Thursday, December 17, 2009

"Postposting" A Couple Photos

When we climbed the Sydney Harbour Bridge, we weren't allowed to take our own camera. Something about not wanting things crashing through windshields.

But they took a few photos and gave them to us on a CD. And now that we're home, we're able to share them.

So without further ado ...

We started just before dusk, in time to capture this shot from near the top.




And we finished after dark.



Tuesday, December 8, 2009

Trip To Oz Is At An End

Alas, all good things must end. Or in this case, all great things.

Sadly, we bid our farewell to South Bruny Island, our new favorite place for serenity, scenery and wildlife.

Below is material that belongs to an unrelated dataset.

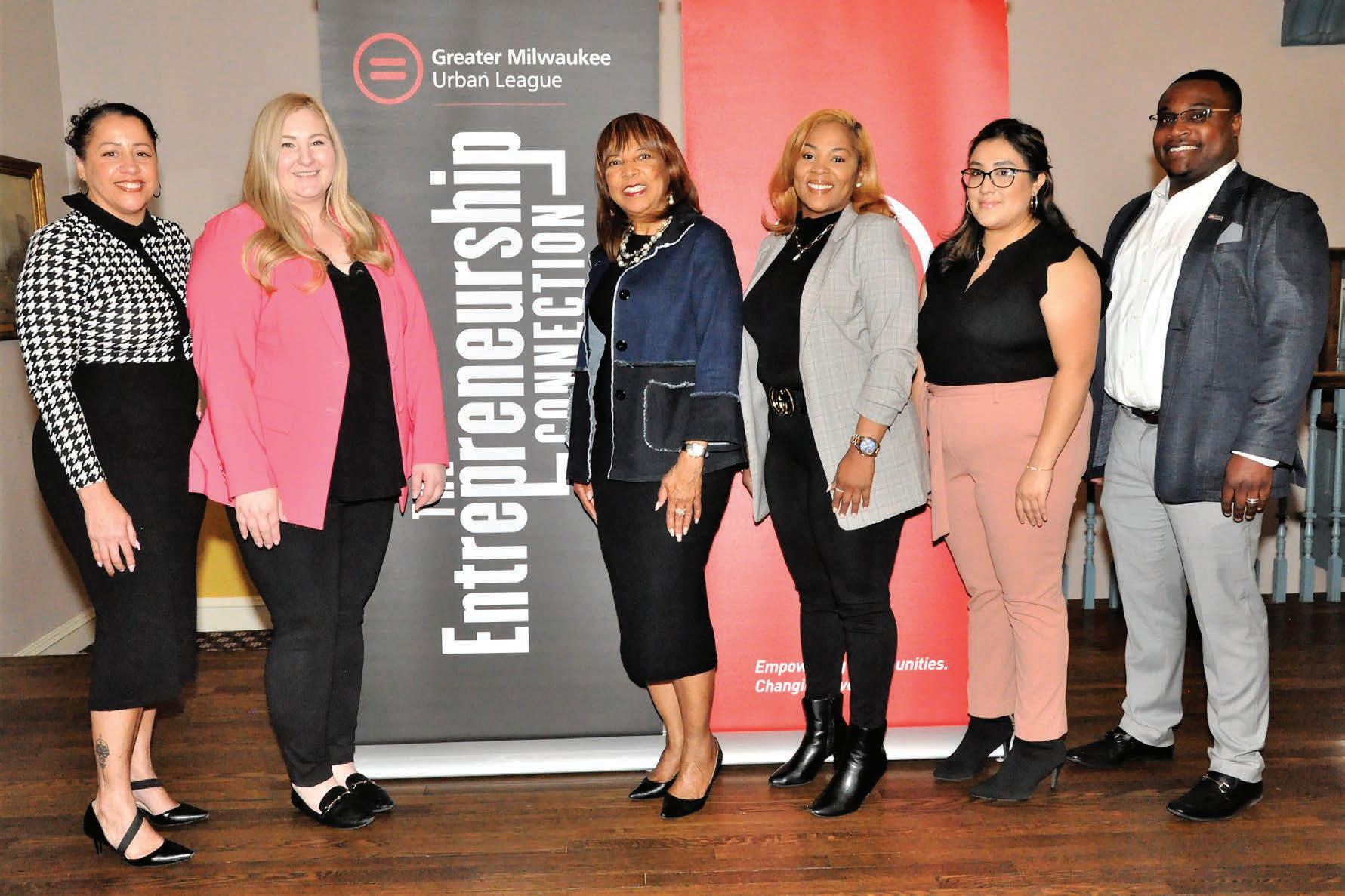 The Greater Milwaukee Urban League (GMUL) and Molson Coors hosted "The Power of Capital," the latest in a series of events in the Entrepreneurship Connection Program, on Monday, April 24, 2023, at the University Club, 924 E. Wells St. Entrepreneurs from across the greater Milwaukee area gathered to hear from financial experts on raising capital to launch and sustain their business ventures. The program also features a radio show on 101.7 The Truth as well as 150 free memberships to the Lonely Entrepreneur, an online platform that provides support in a variety of areas to help entrepreneurs grow their businesses. Pictured at the event are (from left) BMO Bank Senior Manager Industry Verticals Denisse Pachuca; Associated Bank VP Business Loan Product Manager Ashley Lucas; Greater Milwaukee Urban League’s President and CEO Dr. Eve M. Hall; PNC Bank VP Community Development Banking Marquita Hicks; PNC Bank VP Business Banking Vanessa Sancha; and US Bank VP Business Banking Daniel Anthony.

But not before our ritual bottle of bubbly (which we'd hauled all the way from Freycinet Vineyard ... delicious), which we enjoyed inside our cottage with our home-cooked trumpeter purchased fresh from the Adventure Bay General Store. We also finished off our Tim Tam cookies, the best on the planet.

We were so far south that the sun rose about 4:30 a.m., about the same time we did so we could pack and make the 45-minute return to the car ferry. It's a good thing we didn't dilly dally any longer, as the car ramp was hoisted just after we pulled on board.

We flew from Hobart back to Sydney, where the adventures had all begun three weeks ago. After stashing our luggage at the airport, we put our overnight essentials in our knapsacks and headed to the last touristy thing that we had run out of time for when we first arrived: A climb to the top of the anchor pylons on the Sydney Harbor Bridge.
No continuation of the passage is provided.